As mentioned by others; tools like JMeter (Commercial tools like LoadRunner and more) can help you generate concurrent test load.
Many monitoring tools (some provided within JDK like MissionControl, some other open source/ free tools like java Melody and many commercial one's) can help you do generic monitoring of various system (memory, CPU, network bandwidth) and JVM resources (Heap, CPU, GC overheads etc).
But to really identify bottlenecks within your code as well as other dependencies of your applications (like external services invoked, DB queries/updates etc) in a very quick and easy way; I recommend considering a good APM i.e. Application Performance Monitoring Tools like AppDynamics/ DynaTrace and more. They can help you pinpoint bottlenecks for specific request level, highlight slower parts of apps, generate percentile metrics at individual service end point or component / method level etc. They can be immensely useful , if one is dealing with very high concurrent users and stringent response time NFR's. They help uncover many bottlenecks across the layers of your application. Many even configure these tools in production (expected to cause 2-3% overheads; but worth it per me for the benefits they provide) - as production logging is not at debug level by default; so once some errors or slowness is observed; it's often extremely difficult to reproduce in lower environments or debug in absence of debug level logs from specific past duration.
There's no one tool to tackle this as far as I know. So build you own environment
Load Injecting & Scripting: JMeter, SOAP UI, LoadUI
Scheduling Tests & Automation: Jenkins, Rundeck
Analytics on transaction data, resources, application performance logs: AppDynamics, ElasticSearch, Splunk
Profiling: AppDynamics, YouKit, Java Mission Control, VisualVm
Edit: Of the several extremely generous and helpful responses this question has already received, it is obvious to me that I didn't make an important part of this question clear when I asked it earlier this morning.
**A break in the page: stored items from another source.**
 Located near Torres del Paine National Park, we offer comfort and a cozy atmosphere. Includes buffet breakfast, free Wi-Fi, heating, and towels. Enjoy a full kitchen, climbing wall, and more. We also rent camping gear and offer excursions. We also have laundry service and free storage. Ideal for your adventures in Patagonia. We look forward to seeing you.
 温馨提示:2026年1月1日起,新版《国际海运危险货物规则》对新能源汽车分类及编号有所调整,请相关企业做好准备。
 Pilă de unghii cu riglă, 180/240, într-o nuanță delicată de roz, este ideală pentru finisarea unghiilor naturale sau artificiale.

The answers I've received so far are more about optimizing applications & removing bottlenecks at the code level. I am aware that this is way more important than trying to get an extra 3- or 5% out of your JVM!
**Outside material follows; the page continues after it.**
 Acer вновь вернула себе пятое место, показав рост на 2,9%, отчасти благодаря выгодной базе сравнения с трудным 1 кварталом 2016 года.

This question assumes we've already done just about everything we could to optimize our application architecture at the code level. Now we want more, and the next place to look is at the JVM level and garbage collection; I've changed the question title accordingly. Thanks again!
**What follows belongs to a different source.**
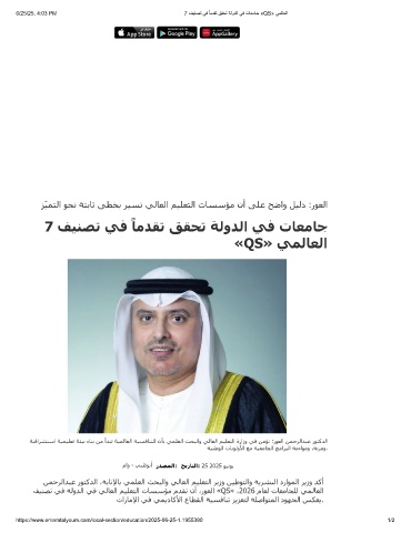 6/25/25, 4:03 PM 7 فﯾﻧﺻﺗ ﻲﻓ ً ﺎﻣدﻘﺗ ﻖﻘﺣﺗ ﺔﻟودﻟا ﻲﻓ تﺎﻌﻣﺎﺟ «QS» ﻲﻣﻟﺎﻌﻟا
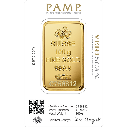 PAMP 100 Gram Gold 9999 Fortuna Minted Bar

We've got a "pipeline" style backend architecture where messages pass from one component to the next, with each component performing different processes at each step of the way.
Components live inside of WAR files deployed on Tomcat servers. Altogether we have about 20 components in the pipeline, living on 5 different Tomcat servers (I didn't choose the architecture or the distribution of WARs for each server). We use Apache Camel to create all the routes between the components, effectively forming the "connective tissue" of the pipeline.
I've been asked to optimize the GC and general performance of each server running a JVM (5 in all). I've spent several days now reading up on GC and performance tuning, and have a pretty good handle on what each of the different JVM options do, how the heap is organized, and how most of the options affect the overall performance of the JVM.
My thinking is that the best way to optimize each JVM is not to optimize it as a standalone. I "feel" (that's about as far as I can justify it!) that trying to optimize each JVM locally without considering how it will interact with the other JVMs on other servers (both upstream and downstream) will not produce a globally-optimized solution.
To me it makes sense to optimize the entire pipeline as a whole. So my first question is: does SO agree, and if not, why?
To do this, I was thinking about creating a LoadTester that would generate input and feed it to the first endpoint in the pipeline. This LoadTester might also have a separate "Monitor Thread" that would check the last endpoint for throughput. I could then do all sorts of processing where we check for average end-to-end travel time for messages, maximum throughput before faulting, etc.
The LoadTester would generate the same pattern of input messages over and over again. The variable in this experiment would be the JVM options passed to each Tomcat server's startup options. I have a list of about 20 different options I'd like to pass the JVMs, and figured I could just keep tweaking their values until I found near-optimal performance.
This may not be the absolute best way to do this, but it's the best way I could design with what time I've been given for this project (about a week).
Second question: what does SO think about this setup? How would SO create an "optimizing solution" any differently?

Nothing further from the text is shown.